Years before I’d ever heard of St. Ignatius Loyola and his Spiritual Exercises, I was learning spiritual principles through creative writing. I had been writing stories, poems, and songs since my early teens, and when I got serious about learning how to write, decades later, I discovered that creativity is in fact a spiritual function. Furthermore, Ignatian spirituality is a perfect fit for anyone for whom creative work is important.
Creativity is woven into all creation. It is but one of the many gifts I receive as a human being on this planet. And, because I find God in all things, I encounter the sacred while in the act of creating. Thus, creativity fits easily into the First Principle and Foundation; it is a gift of this life that God intends for the good of my soul and of others’ souls.
Creativity trains me to pay attention. In this way, creativity and prayer are bosom buddies. As I learn to see through Jesus’ eyes and pay attention to what God is doing all around me, I grow in wisdom, compassion, and every other virtue. As I draw or paint or build or put words together, I must attend to the details and grow in awareness. Creativity is, in a very Ignatian sense, a form of prayer—meditation perhaps, or in some cases contemplation.

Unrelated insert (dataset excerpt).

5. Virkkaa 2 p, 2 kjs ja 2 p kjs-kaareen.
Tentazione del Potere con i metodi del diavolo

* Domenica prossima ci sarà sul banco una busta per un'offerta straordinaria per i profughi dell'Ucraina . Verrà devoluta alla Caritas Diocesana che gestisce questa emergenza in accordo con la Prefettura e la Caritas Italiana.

Creativity encourages me to reflect on everything. For me as a writer, nothing is wasted. No matter what the experience, my creative gifts urge me to reflect on what I have witnessed or participated in. I will take a small, insignificant experience and turn it in my mind’s eye to see it from various angles. I’ll look for truth in it somewhere. I will allow that experience to stimulate questions. Creativity is in harmony with the Ignatian principle of reflecting on our experiences.

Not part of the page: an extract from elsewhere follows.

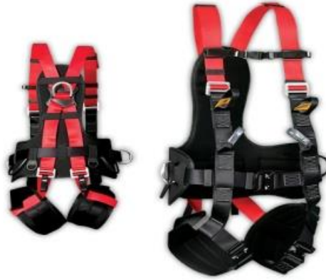
Slika 11. Sredstva za zaštitu od pada s visine

Creativity is a process much bigger than I. This means that when I do creative work, I am participating in a cosmic endeavor. When I write, I write smarter than I am. My characters end up teaching me things. I imagine what I have not yet done directly. And I learn to trust that this overarching process will bring itself to the best place. Creativity is a superb example of a person joining with Jesus to do great work in this world.

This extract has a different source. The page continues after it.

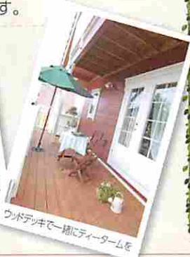
ウッドデッキで一緒にティータイムを

Creativity teaches me detachment. This means that I do the creative work but do not try to control the process or mandate the final product. Creativity just does not work that way. The process knows where it must go. Creativity is yet another aspect of life that trains me to be patient and to trust the Holy Spirit for the outcome. To do well in creative work, I must be spiritually free to allow the work to develop as God has designed it to develop.
I encourage you to approach any creative project with prayer and expectation. Whether you are writing a story, preparing a meal for friends, or creating a better system for doing your day job, you were meant for this! Whatever Ignatian practices you use for prayer, try using them in your creative work and see what happens. Human beings are designed to be creative, as we reflect God’s image into the world.